Last week, Hamas launched another clever PR campaign.
The so-called Freedom Fleet, with 10,000 tons of humanitarian cargo and 700 pro-Palestinian/anti-Israeli activists was warned repeatedly that it would not be permitted to break the Israeli naval blockade of Gaza harbor. But Hamas’s media machine was already running at full speed.
While the ships were being loaded, Hamas provided reporters with photo ops showing hard-working, hopeful Palestinians laboring night and day to prepare the harbor, moving sand, paving roads, erecting light poles. The hope and the sweat were very real, but my people were only being used by Hamas leaders who knew that no ship would ever pull in to those waters.
Prime Minister Haniyeh tipped his hand when he told reporters, “The flotilla’s message is clear. . . . The meaning of the flotilla is that the entire world opposes the siege on the Gaza Strip, and if Israel behaves like pirates and sea-terrorists—we will win.”
And they did—at the cost of nine innocent lives, pawns in a deadly media game.
What did it win? Arab streets throughout the Middle East, North Africa and Indonesia ablaze with hatred. Global condemnation of Israel and sympathy for Hamas and its suffering people. The Rafah border crossing between Gaza and Egypt, sealed since it seized power in 2007, reopened like a pressure release valve by Egyptian President Hosni Mubarak.
The Reality behind the Hype
I am sorry, my Palestinian brothers and sisters, but Israel has the right, like every other country in the world, to protect its borders. Every time they were open, weapons and enemies poured in, just as Iraq’s enemies poured in before its borders were secured after Saddam’s fall.
Israel had every right to inspect the flotilla’s cargo before letting it into Gaza.

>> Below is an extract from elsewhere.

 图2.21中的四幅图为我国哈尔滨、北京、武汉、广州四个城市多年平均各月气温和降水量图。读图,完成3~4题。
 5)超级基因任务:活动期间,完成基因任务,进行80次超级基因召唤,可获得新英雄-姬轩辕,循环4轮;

What government would do otherwise? What guarantee did Jerusalem have that the ships did not carry long-range missiles from Iran like the ones sold to Hezbollah, even warheads with biological weapons?
And even if Israel could trust Hamas, which it cannot, there are now tens of thousands of al-Qaeda-like Salafi terrorists in Gaza who see Hamas as too wishy-washy and tame and who would not hesitate to detonate a nuclear device, even if it meant their own destruction along with Israel.

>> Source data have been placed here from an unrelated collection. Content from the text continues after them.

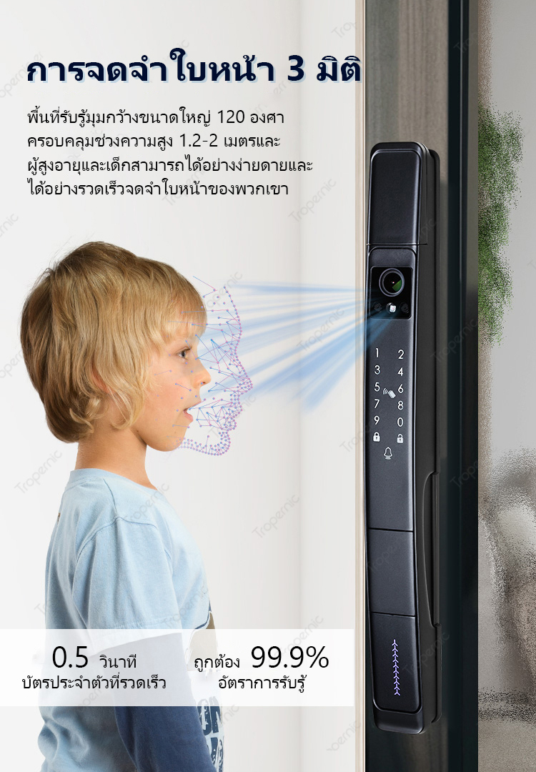 Tropernic A216 Tuya Smart Door Lock with Security Camera 3D Face Recognition Two-Way Intercom Fully Automatic Digital Lock for Sliding Doors Fingerprint Password Unlock with Doorbell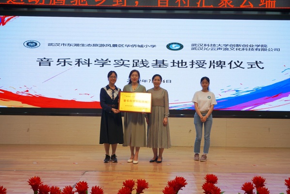华侨城小学校长王晓红、必赢官网创新创业学院副院长杨宁雪、必赢官网马克思主义学院副教授兼艺术课部主任姜瑾进行授牌。在此后的实践中,音乐科学实践基地将与线上共享云平台一起实现“科技美育、创新美育”的教育发展新格局。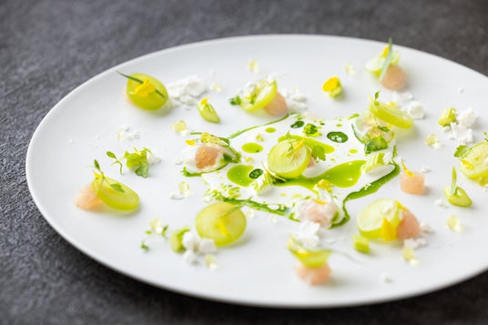 ユカワタンでは、信州・軽井沢らしいメニューでおもてなしをしたいという思いから、この地域で古くから食されている鯉を年間通して提供しています。「鯉のコントラスト」では、締めて間もないさっぱりした味わいの鯉と、熟成させて深みを増した鯉、異なる仕立てを楽しめます。この秋は鯉にシャインマスカットを合わせました。旬のシャインマスカットが、その甘さと青い香りで鯉の旨みを引き立て、また鯉の塩味がシャインマスカットの甘さを際立たせています。ハーブが香る鯉のコンソメとエルダーフラワークリームのソースで華やかに味わう前菜です。

No, Israel cannot open its borders or lift the blockade. If Israel removes the naval blockade, we will see what Israeli Prime Minister Benjamin Netanyahu called “an Iranian port on the Mediterranean,” and, given the close relationship between Hamas and Hezbollah, Iran, al-Qaeda and other terrorist groups, within five years a war would break out that would devastate Europe and the Middle East. Hundreds of thousands would die.

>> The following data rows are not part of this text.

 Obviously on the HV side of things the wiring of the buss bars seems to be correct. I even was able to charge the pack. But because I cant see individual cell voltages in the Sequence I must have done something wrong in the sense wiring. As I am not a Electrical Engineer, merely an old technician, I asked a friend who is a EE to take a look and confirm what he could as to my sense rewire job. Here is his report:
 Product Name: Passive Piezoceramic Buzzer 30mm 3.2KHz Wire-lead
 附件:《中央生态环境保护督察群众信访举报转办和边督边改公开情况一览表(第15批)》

But the deeper issues in Gaza go far beyond humanitarian needs, military strength and national security.
The members of Hamas can never be free as long as their minds and hearts are prisoners to Islamic ideology. And non-Muslim Palestinians can never be free as long as they define freedom in terms of borders and self-determination. At best, they would be prisoners in an independent state. Still driven by anger, hatred, and revenge. Still controlled by an angry, intolerant, vengeful god or believing in no god at all.
If they do nothing else, I pray that the Hamas leaders would at least have the courage, compassion and wisdom to set aside their ideology and begin to care about their brothers and sisters, instead manipulating and abusing them as a means to an end.
If they were no longer determined to destroy Israel, they would be able to apply their time, efforts and resources to providing the Palestinian people with food, medicine, and education, strengthening their society, rebuilding their infrastructure.
If they would talk with Israel and the international community while respecting former agreements, at some time in the future there might no longer be a need for naval blockades and closed borders.